I hate this, I hate it so so so much. I get so jealous when I hear about other people's relatives driving in from California, or SLC even to spend the holiday with their families. But MY uncle can't even drive across town for a simple dinner ONE NIGHT. I don't care if you think that's too much to ask. I hope karma will come around one day and give you a big slap in the face.

I'm finally done fighting with my best friend. I've been questioning it for a couple weeks now, and yesterday I just couldn't take it anymore. Through all the screaming, tears, and the f-bombs flying everywhere, we broke down and apologized both, to one another. Like civilized human beings. I don't know what I would do with out her. I know she can be a complete brat, and a compulsive liar, but we truely have been there for each other through thick and thin since the first grade. From learning simple addition to fractions to algebra, we've always been together, no matter what. And I absolutely hate myself for letting my idiot emotions take me over. I'm glad we're back on track and loving each other for who we are, like we're supposed too.

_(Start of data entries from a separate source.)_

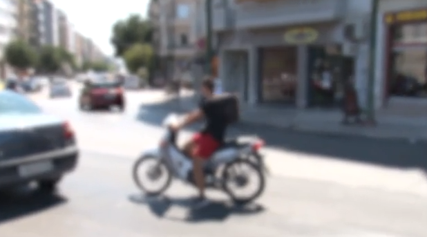 Σε άλλη περίπτωση διανομέας εργάζεται χωρίς κράνος.
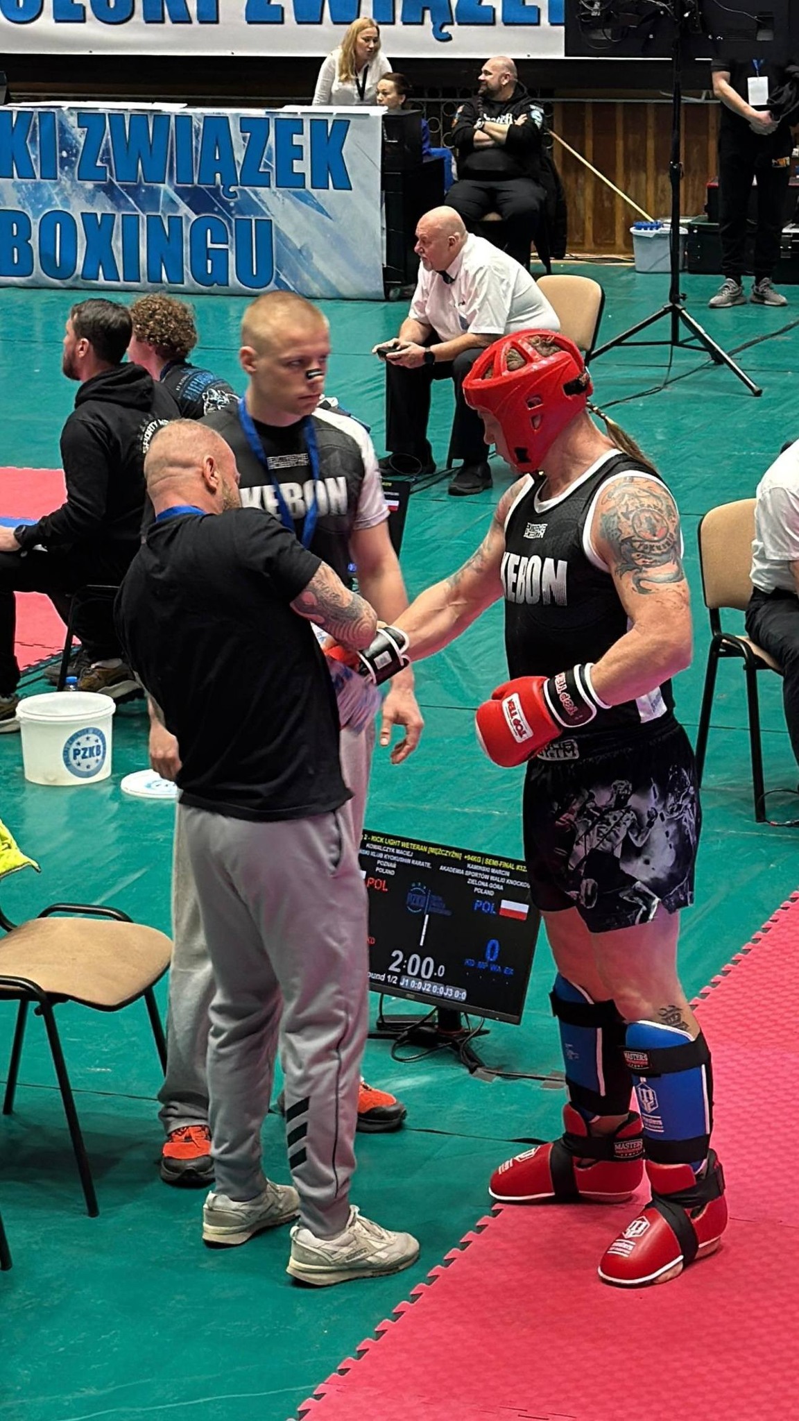Do startu w zawodach namówił sensei Macieja jego syn, Aleksander, który na co dzień trenuje właśnie kickboxing, i który czasami prowadzi w naszym klubie treningi kickbokserskie. W przygotowaniach do zawodów pomagała mu ekipa z KS Kebon — oprócz wspomnianego Aleksandra Kowalczyka, również Michał Pytel i Maurycy Janiak. Nie mniej ważny w odniesieniu zwycięstwa był dla sensei Macieja doping małżonki, sensei Nataszy.
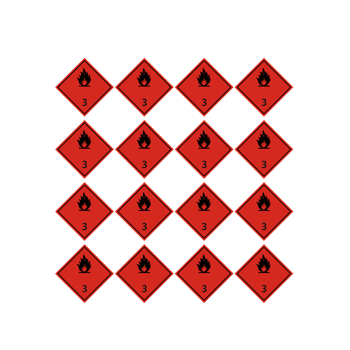 Знак опасности 3 Класс (Легковоспламеняющиеся жидкости) наклейки 16 шт. 25х25см.

Talking about my bestfriend brings up the fact that I am finally realizing who my real friends are. And i'm incredibley stoked on that. I would do anything for those three people, who literally keep me going everyday, who I know I can be honest with 104% and I know that they will ALWAYS be there for me, because they have never once left me standing alone without anything to hold on to. You three incredible people know who you are. Too bad only one of you can read this, one of you is moving across the country..and one of you is moving completely OUT of the country after college. I guess that's life, right?

I am so excited for Christmas and this new year. It is almost impossible to be sincerely unhappy during the holidays. Especially the fact that I am going to do every possible thing I can to go see Horse Feathers in Salt Lake City on the 9th. Holler if you want to come!